-- YOUR GOAL --
Repeat the listing word for word. No pictures belong in the copy.

-- INFORMATION SHOWN --
———
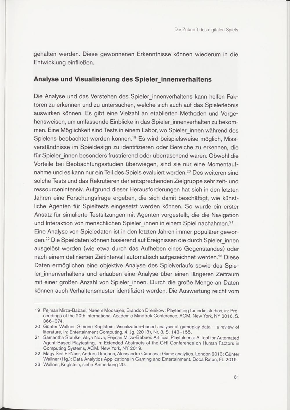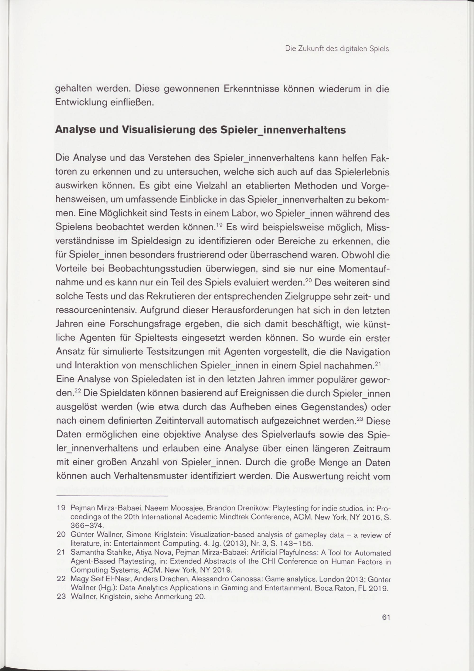 22 Magy Seif El-Nasr, Anders Drachen, Alessandro Canossa: Game analytics. London 2013; Günter Wallner (Hg.): Data Analytics Applications in Gaming and Entertainment. Boca Raton, FL 2019.
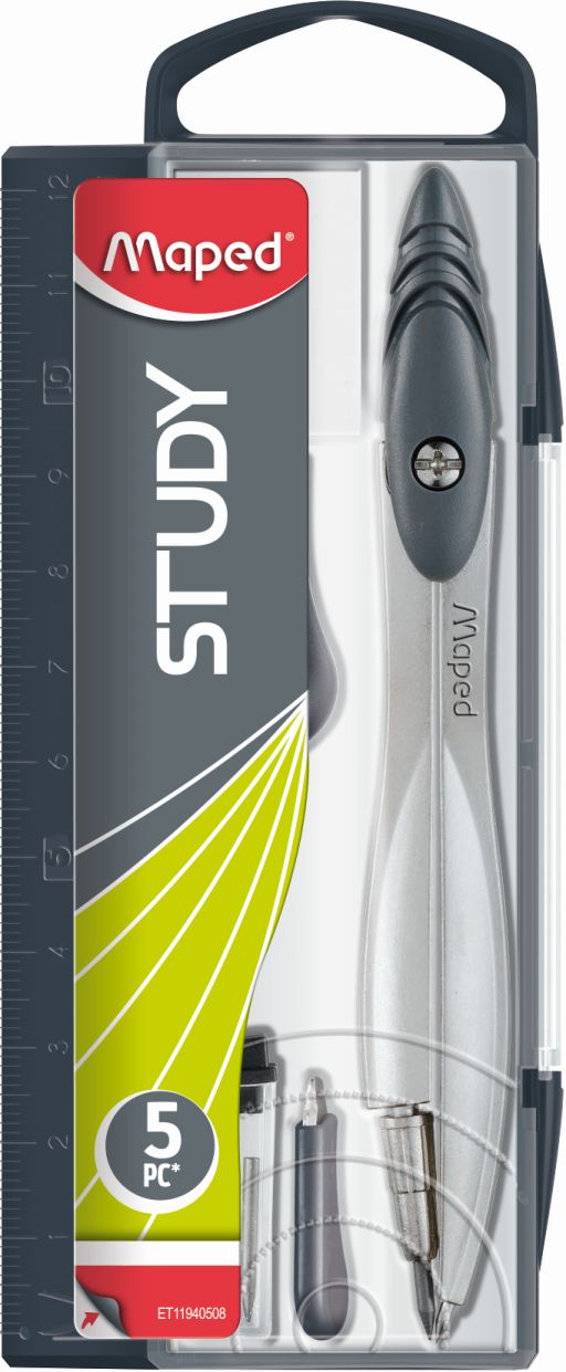 Metalowy cyrkiel STUDY w plastikowym etui z grafitową końcówką, opakowanie zawiera cyrkiel STUDY, wkład grafitowy, temperówkę do grafitów, śrubokręt oraz gumkę. JS 1 szt.
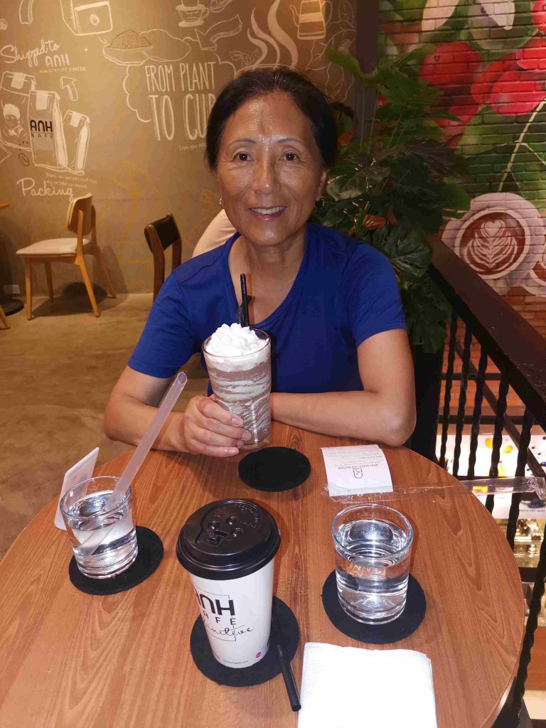 Happy birthday Victoria! We heard some thunder and heavy rain during the early morning. The weather was very grayish as we had our last breakfast in Tam Coc. After paying for our room, we took a car ride from our hotel to the Ninh Binh train station for our 9:30 train to Hanoi. The train appeared more comfortable to us than the one we took in the reverse direction 3 days ago. After our arrival in Hanoi, we took a Grab to our hotel. We were once again reunited with traffic chaos as Ho Chi Minh city. As our hotel room was not ready, we dropped by the Vietnamese coffee chain: Highland for some refreshments. We bought some snacks, beer and wine for our 3d/2n Halong Bay cruise which will start tomorrow. The temperature was much cooler in Hanoi. We concluded that it must get much colder as we even noticed our room was equipped with a portable heater. We sincerely hope we won’t need it during our stay. In the evening, we had dinner at a nearby restaurant offering local Hanoi dishes.
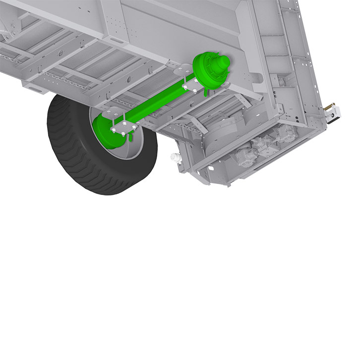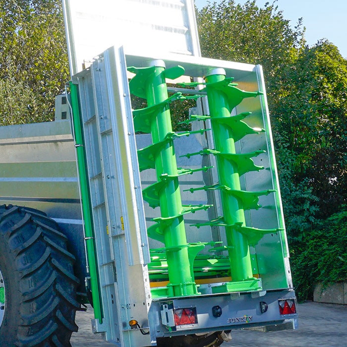 Расход в тоннах на гектар регулируется скоростью движения трактора в комбинации со скоростью транспортера (потенциометр расположен в кабине). В этом также может помочь оцинкованная дверь-гильотина. Привод спиралей осуществляется со стороны трактора посредством карданного вала Walterscheid с защитой срезным болтом. Вал приводит со скоростью 1000 об/мин редукторы, соединенные с двумя валами. Внушительные габариты валов гарантируют проход массы и измельчение продукта, даже если последний был загружен с горкой.
———
-- ANSWER FOR THIS EXERCISE --
 22 Magy Seif El-Nasr, Anders Drachen, Alessandro Canossa: Game analytics. London 2013; Günter Wallner (Hg.): Data Analytics Applications in Gaming and Entertainment. Boca Raton, FL 2019.
 Metalowy cyrkiel STUDY w plastikowym etui z grafitową końcówką, opakowanie zawiera cyrkiel STUDY, wkład grafitowy, temperówkę do grafitów, śrubokręt oraz gumkę. JS 1 szt.
 Happy birthday Victoria! We heard some thunder and heavy rain during the early morning. The weather was very grayish as we had our last breakfast in Tam Coc. After paying for our room, we took a car ride from our hotel to the Ninh Binh train station for our 9:30 train to Hanoi. The train appeared more comfortable to us than the one we took in the reverse direction 3 days ago. After our arrival in Hanoi, we took a Grab to our hotel. We were once again reunited with traffic chaos as Ho Chi Minh city. As our hotel room was not ready, we dropped by the Vietnamese coffee chain: Highland for some refreshments. We bought some snacks, beer and wine for our 3d/2n Halong Bay cruise which will start tomorrow. The temperature was much cooler in Hanoi. We concluded that it must get much colder as we even noticed our room was equipped with a portable heater. We sincerely hope we won’t need it during our stay. In the evening, we had dinner at a nearby restaurant offering local Hanoi dishes.
 Расход в тоннах на гектар регулируется скоростью движения трактора в комбинации со скоростью транспортера (потенциометр расположен в кабине). В этом также может помочь оцинкованная дверь-гильотина. Привод спиралей осуществляется со стороны трактора посредством карданного вала Walterscheid с защитой срезным болтом. Вал приводит со скоростью 1000 об/мин редукторы, соединенные с двумя валами. Внушительные габариты валов гарантируют проход массы и измельчение продукта, даже если последний был загружен с горкой.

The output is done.